--- START ---

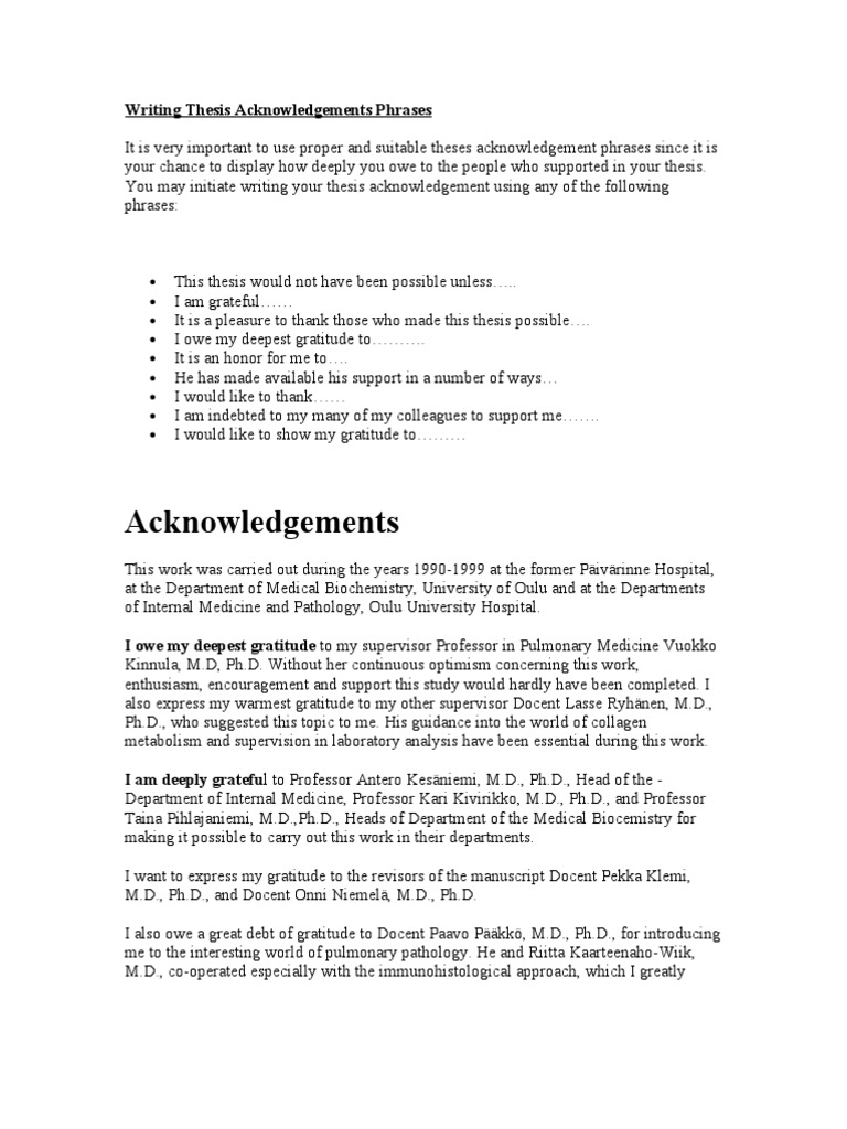 Writing Acknowledgement For Phd Thesis
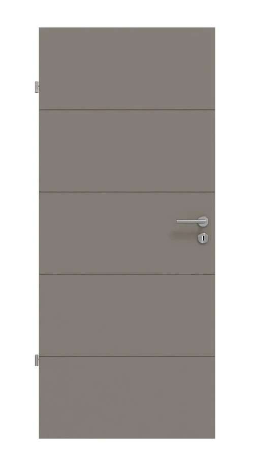 In das Türblatt sind vier waagerechte Fugen eingefräst. Diese verlaufen bis zum Rand des Türblatts. Dank der grau-braunen Lackoberfläche passt sich das Modell jedem Wohnraumdesign an.
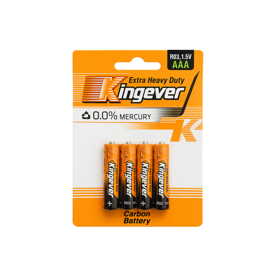 Bateri cilësore Kingever AAA me performancë të lartë për pajisje të përditshme. Pa përmbajtje merkuri dhe me jetëgjatësi të shtuar. Paketim praktik me 4 copë.

--- END ---

- **Goal of the exercise**:
Only the lines that lie between the start of the listing and the line containing "In das Türblatt", both included, belong in the answer; write them out exactly and omit pictures.

- **Task solution**:
 Writing Acknowledgement For Phd Thesis
 In das Türblatt sind vier waagerechte Fugen eingefräst. Diese verlaufen bis zum Rand des Türblatts. Dank der grau-braunen Lackoberfläche passt sich das Modell jedem Wohnraumdesign an.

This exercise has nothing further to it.